RAGE can be found on many cells, including endothelial cells, smooth muscle, and cells of the immune system. When binding with AGEs, it contributes to diabetes-related chronic inflammatory diseases and is associated with the progression of cardiovascular diseases and diabetes (30). The AGE/RAGE interaction observed in diabetes stimulates endothelial pro-inflammatory gene expression and reactive oxygen species (ROS) production in a nicotinamide adenine dinucleotide phosphate (NADPH)-oxidase dependent manner (31), which might contribute to endothelial dysfunction. AGE/RAGE also plays a critical role in the chronic activation of the immune inflammatory processes that accelerate atherosclerosis in diabetes (32). In our study, we demonstrated that AGE/RAGE played a critical role in the CMECs proliferation and apoptosis in diabetic cardiomyopathy. By specific RAGE–siRNA transfection in CMECs, we successfully reduced the phosphorylation of PKCβ1/2 and obstructed the process of CMECs’ proliferation and apoptosis. These findings suggested that the AGEs–RAGE–PKCβ was one of the mechanisms in the pathophysiological process of CMECs’ proliferation and apoptosis and provided a novel insight into the pathogenesis of diabetic cardiomyopathy.

PKC signaling pathways are activated in diabetic cardiomyopathy. To date, ≈15 isoforms of PKC have been described in humans. PKCα, β, ε, θ, and δ isoforms have been proposed to be involved in the development of diabetic cardiac hypertrophy (5, 33, 34). PKCα is the predominant member among the different PKC isozymes expressed in the cardiac tissue (35-38). PKCα is increased in human cardiac pathology (36, 39) and during the transition to heart failure (40). It plays crucial roles in cardiomyocyte hypertrophy, and it is an important regulator of muscle contractility (41, 42).
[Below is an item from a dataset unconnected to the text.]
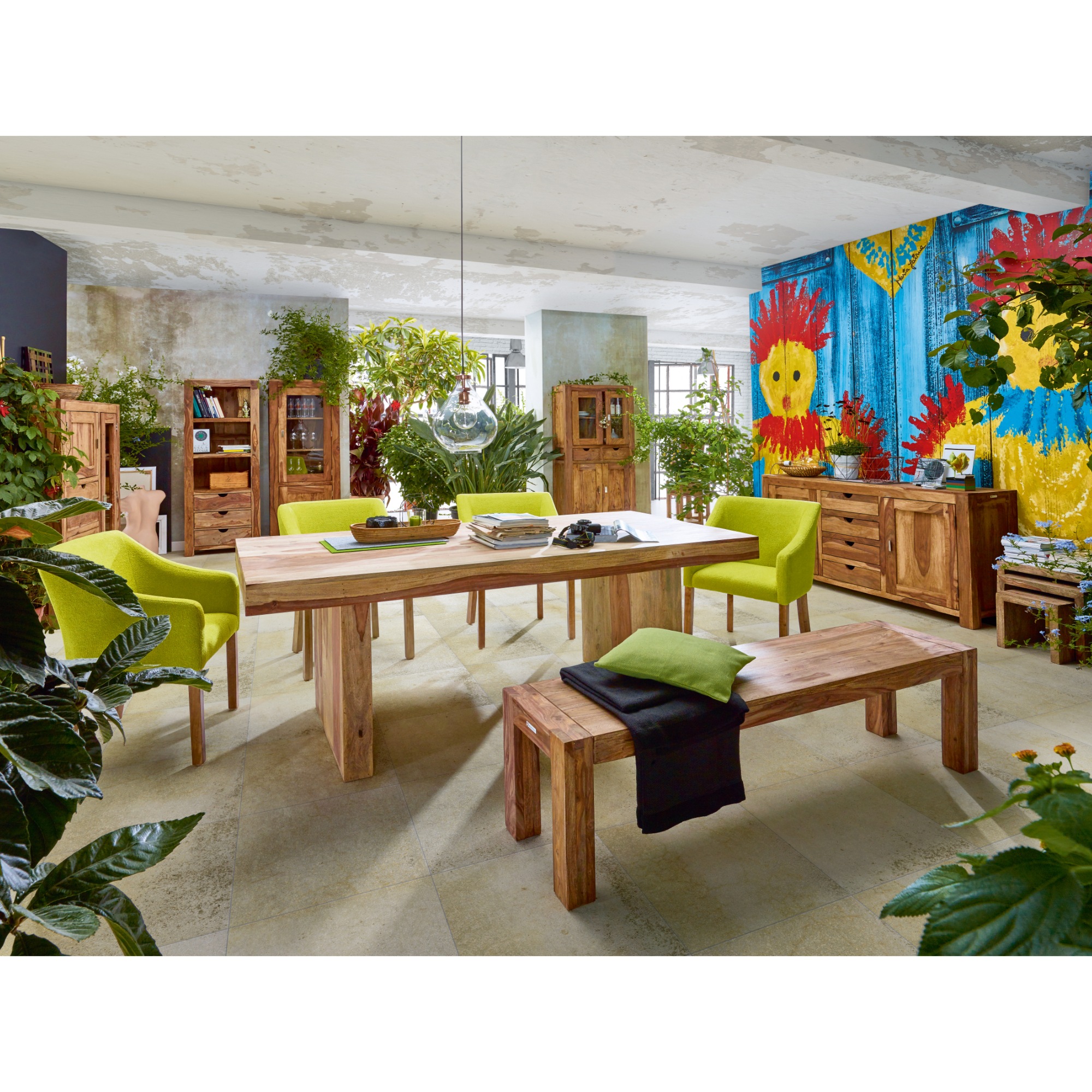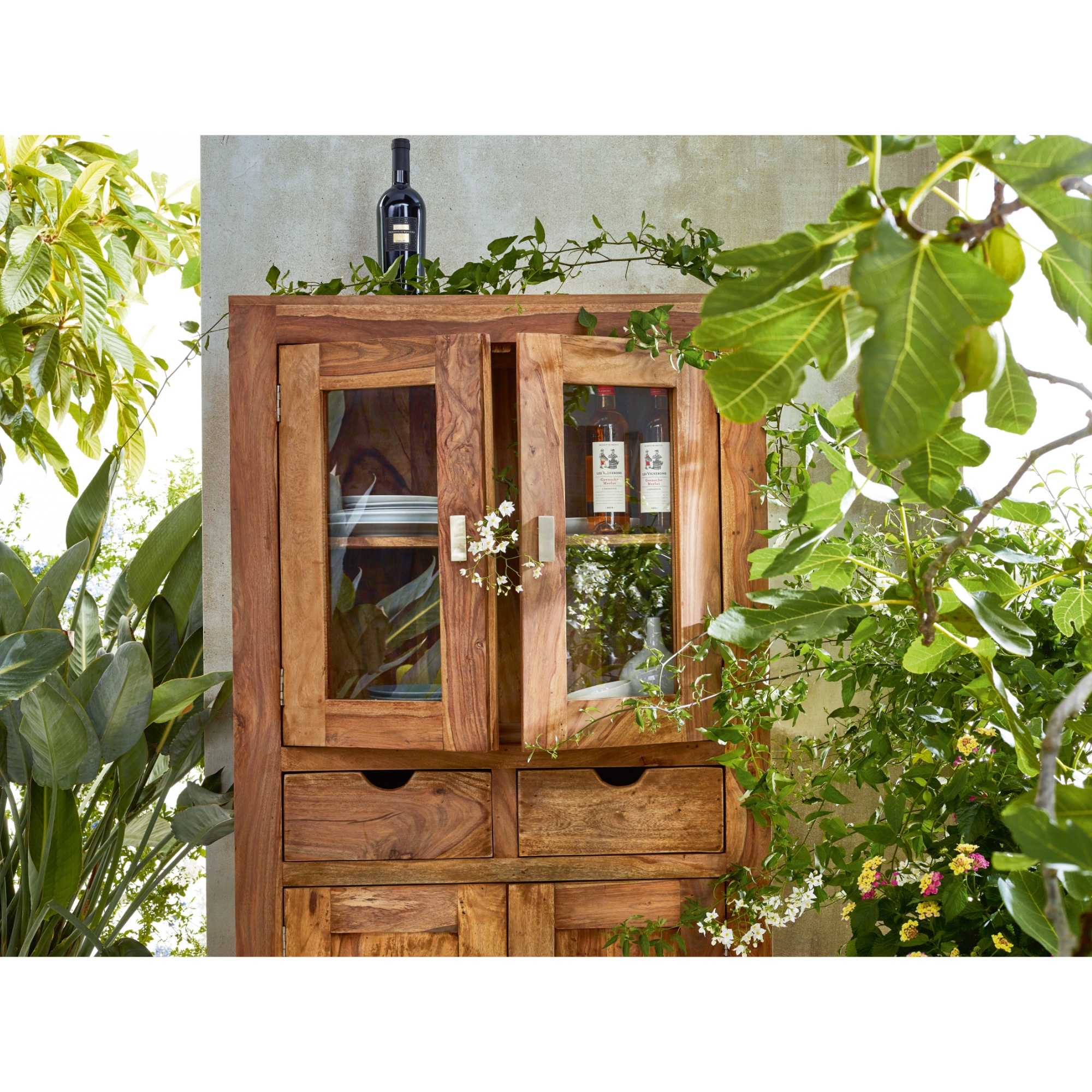 Objavte čaro exotických driev s vitrínou YOGA. Vyrobená je z palisandrového masívu, ktorý pochádza z kontrolovaných indických plantáží. Jeho ručné spracovanie zaisťuje, že každý kus nábytku bude absolútnym originálom. Vďaka krásnej prirodzenej kresbe dreva nie je treba žiadnych ozdobných prvkov, dizajn je čistý a jednoduchý. Dostatok úložného priestoru zaisťuje skrinka a dve zásuvky v spodnej časti a presklená skrinka v hornej časti. Palisandrové drevo, čiže Sheeshamové drevo je veľmi obľúbeným materiálom na výrobu nábytku vďaka svojej odolnosti, tvrdosti a tiež dlhej životnosti.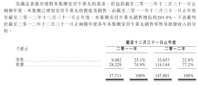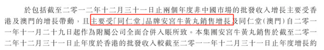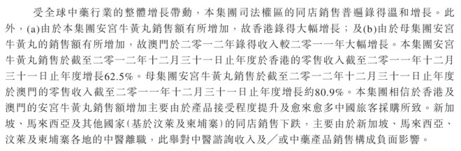 2012年香港的增长主要由于安宫牛黄丸的销售额大增所致;其中香港安宫牛黄丸销售额增长62.5%,

To exclude the possible contribution of other isoforms for the signaling mechanism, we also investigated PKCα in addition to PKCβ. It showed that AGEs upregulated the expression of RAGE and phosphorylated PKCβ1 and PKCβ2, but not phosphorylated PKCα. Although PKCα is involved in the development of diabetic cardiomyopathy, our results implied that AGEs facilitate proliferation and reduce early apoptosis of cardiac microvascular endothelial cell via PKCβ, but not the PKCα signaling pathway. Although AEGs do not act through PKCα, this does not affect other PKCα physiological effects in cardiomyopathy mentioned and discussed above.

Study limitations

Although this research did not provide evidence in vivo to support the hypotheses, it is still pioneering, and we can clarify that AGEs can regulate CMEC function through the PKCβ signaling pathway in diabetes.

Conclusion

Our findings demonstrated that AGEs facilitated proliferation and reduced early apoptosis of CMECs through the activation of the PKCβ signaling pathway, which might be related to the pathogenesis of diabetic cardiomyopathy.